EL CENTRAL Y EL PLAZA, PARA NUEVO TEMPLO

La “inversión” manda, y como en todo el país cualquiera puede comprar cualquier cosa con una carretilla de plata, y las autoridades nacionales y departamentales contentísimas. Es necesario tener presente que los únicos que no se benefician con esta actitud, en lo que todo es vendible, es el país, los trabajadores, sus bienes patrimoniales, y tampoco los culturales.

Si algo ha caracterizado a nuestro país en las últimas décadas es que importantes superficies algunas en manos del estado y otras públicas, han tenido un destino comercial o religioso.
En la zona centro de Montevideo y en general en buena parte del país, la gran mayoría de las salas de cine, que no eran pocas han tenido un destino comercial, para nuevos templos religiosos, o también para depósitos de autos, con el crecimiento del parque automotor.

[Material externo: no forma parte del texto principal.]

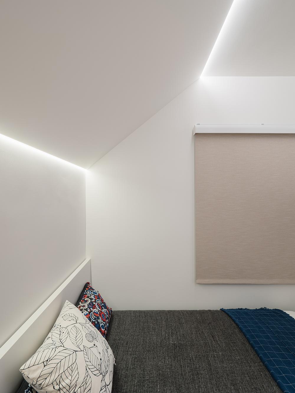 顧及主臥室的空間有限性,只能夠放置一張床和一台衣櫃,收納明顯不足,所以採用了架高床箱來擴充物品收納。斜面的天花板其實修飾了橫樑壓床的忌諱,改以斜面來消弒梁體的銳角,並在交接處安裝了LED燈帶,不僅可以當做誰前閱讀燈使用,也能當做氛圍燈使用,有一次提升了臥室的溫馨舒適感。文章來源: /c/user/token/MS4wLjABAAAAi7egyzK_U_cc6jakZ3UrixDa4tAKySfg-Esvui75pvU/?source=tuwen_detail
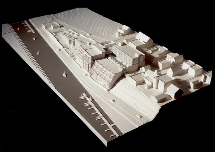 This mixed use project involves the adaptive reuse of an abandoned meat-packing plant, located on a steeply sloping site adjacent to the Rondout Creek in Kingston, New York. Some of the existing monumental brick buildings will be reused and added to, to create a 200 room hotel, retail stores, including an antiques mart, 34 units of senior citizen's housing, banqueting facilities, restaurant/bar and other commercial space.

Grandes salas de otras épocas han tenido este destino, que ya poco asombra a muchos montevideanos, aunque lo que si llamo la atención en los primeros días de este año fue la transacción de uno de los últimos reductos que iban quedando para un nuevo emprendimiento religioso, esta vez de una empresa que ya está en plaza.

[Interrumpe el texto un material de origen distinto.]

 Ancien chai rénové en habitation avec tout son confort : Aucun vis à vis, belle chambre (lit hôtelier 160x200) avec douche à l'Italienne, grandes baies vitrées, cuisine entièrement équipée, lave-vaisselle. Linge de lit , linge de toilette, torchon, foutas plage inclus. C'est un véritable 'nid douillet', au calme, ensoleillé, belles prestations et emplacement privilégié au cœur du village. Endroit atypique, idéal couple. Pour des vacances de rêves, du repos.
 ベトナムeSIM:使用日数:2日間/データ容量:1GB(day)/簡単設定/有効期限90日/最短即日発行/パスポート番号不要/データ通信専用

También es cierto que en todo este proceso, los aspectos culturales, y el funcionamiento urbano, han estado subordinados en forma exclusiva a la fuerza de los empresarios privados en el mercado nacional para adueñarse de grandes superficies donde en general cuentan con importantes subvenciones impositivas, por parte del estado.
No es nuevo que en nuestro país el empuje de las privatizaciones, recorre todas las áreas de inmuebles pertenecientes al conjunto del patrimonio nacional, llegando a niveles por momentos insospechados.
Sobretodo cuando se habla que Montevideo se ha transformado en capital cultural, y actividades de diverso tipo se promocionan como grandes eventos.
Lo cierto es que este nuevo procedimiento ha impactado en forma importante, sobre todo por la superficialidad, y casi naturalidad del gobierno nacional y municipal, en un tema que debería tratarse de otra manera, si es que aunque sea por un instante se piensa en el patrimonio cultural y en la proyección de actividades para las que muchas veces no existen ni lugares en la zona céntrica de la capital del país.
Es evidente además que si se tiene en cuenta un tipo de rumbo, de enorme predominio de la gestión privada, o como en este caso de nuevas religiones con fuertes respaldos financieros, queda en evidencia, que no existe objetivos de conservación y utilidad de ciertos espacios que tienen que ver con la vida del país.
La “inversión” manda, y como en todo el país cualquiera puede comprar cualquier cosa con una carretilla de plata, y las autoridades nacionales y departamentales contentísimas. Es necesario tener presente que los únicos que no se benefician con esta actitud, en lo que todo es vendible, es el país, los trabajadores, sus bienes patrimoniales, y tampoco los culturales.
El camino del desentendimiento de tan importantes situaciones por parte de los sucesivos gobiernos lleva invariablemente a una constante pérdida de la soberanía,y afectando seriamente patrimonios que han ido construyendo anteriores generaciones en nuestro país.
El tema entonces de las privatizaciones, no solo afecta a la infraestructura, sino que además en ella pueden producirse y desarrollarse, nuevas y mayores sensibilidades que da la impresión que a los últimos gobiernos, incluido el actual no les interesa.
En el inicio del año entonces, el punto cero de Montevideo, también ha caído bajo el efecto del tsunami en que todo se compra y se vende. Una nueva perla para las políticas culturales y educativas del país. Este es un problema de todos los montevideanos, pero los responsables no son todos, por cierto.